The transmitter 600 may include or be housed in an enclosure that is sealed against entry of moisture and solid material and debris and may be surge protected to protect against electrical overload. Communications between the transmitter 600 and other devices (e.g., 400, 402, 632, and 636) may furthermore be password protected with unique passwords. Those passwords may relate to a customer, organization, site, or otherwise as desired to restrict access to information to those having a legitimate interest in the information to be shared between devices. The transmitter 600 may also include terminal connections for quick interface of sensor 30, user interface 632, or other devices and may provide user outputs, such as an LEDs or gauges.


The transmitter 600 may also include one or more indicators 634 that extend through its enclosure to provide operational information to an onlooker. For example, the indicators 634 may include one or more LEDs that indicate information such as operating status of the transmitter 600 and communication between the transmitter 600 and another node. The indicators 634 may furthermore include one or more readouts that indicate, for example, the signal being received by the transmitter 600 or the signal being or to be transmitted by the transmitter 600.


It is also contemplated herein that the system 2 may be employed with a number of geo-fences 200, 300, shown in simplified form in dashed line drawing in FIG. 1 to determine the location of the truck 10 when it loads or unloads. For example, reference numerals 210, 310 denote well pads configured to contain oil that the truck 10 will obtain. As shown, surrounding each well pad 210, 310 is a corresponding one of the geo-fences 200, 300, a virtual fence that may include GPS coordinates of the location of the well pads 210, 310. Additionally, as shown, the truck 10 may also have a GPS system 100, shown in simplified form and the location of the truck 10 may be determined from the GPS system 100. Using that system, when a truck 10 that arrives at well pad 210, the GPS system 100 will indicate that the truck 10 is located at the geo-fence 200. Accordingly, when the truck 10 arrives at the geo-fence 200, the geo-fence 200 will advantageously be able to indicate that the truck 10 was previously at, for example, the geo-fence 300. This truck 10 location information makes tracking the fluid in the truck 10 significantly easier.

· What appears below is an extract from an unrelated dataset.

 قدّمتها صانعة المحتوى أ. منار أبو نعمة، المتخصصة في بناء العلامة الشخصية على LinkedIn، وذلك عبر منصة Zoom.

Once the fluid is moved to a new well pad 210, 310, the truck 10 is registered at the new geo-fence 200, 300, which is recorded for the specific truck. In this manner, the travel path and distribution or accumulation of the liquid in the tank 12 can be recorded and monitored.

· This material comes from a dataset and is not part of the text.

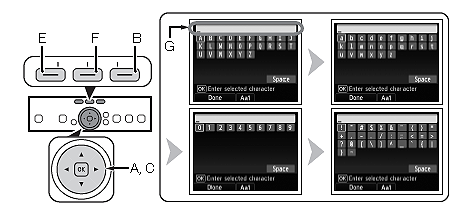 button, then enter characters.* To delete a character, select the section (G) of the screen using the

FIG. 5 illustrates a method 500 of measuring the volume of a tanker truck 10 tank 12 performed by a processor 212. At 502, a tank identifier indicates to the processor 212 which tank 12 the level sensor 30 is sensing, the level sensor 30 providing a signal corresponding to the level of fluid in that identified tank 12. At 504, the level sensor 30 provides a signal to the processor 212 corresponding to the level of fluid in the identified tank 12 and the processor 212 receives that level signal. At 506, the processor 212 or a networked processor 20, 402, 636 correlates the level of the fluid to a strap chart 300 for the identified tank 12, the strap chart 300 having been previously created and stored for access by the processor 212, 20, 402, 636. At 508, the processor 212, 20, 402, 636 provides an output representing the volume of fluid that corresponds to the level of fluid indicated for the tank 12, the volume correlating to level in the strap chart 300.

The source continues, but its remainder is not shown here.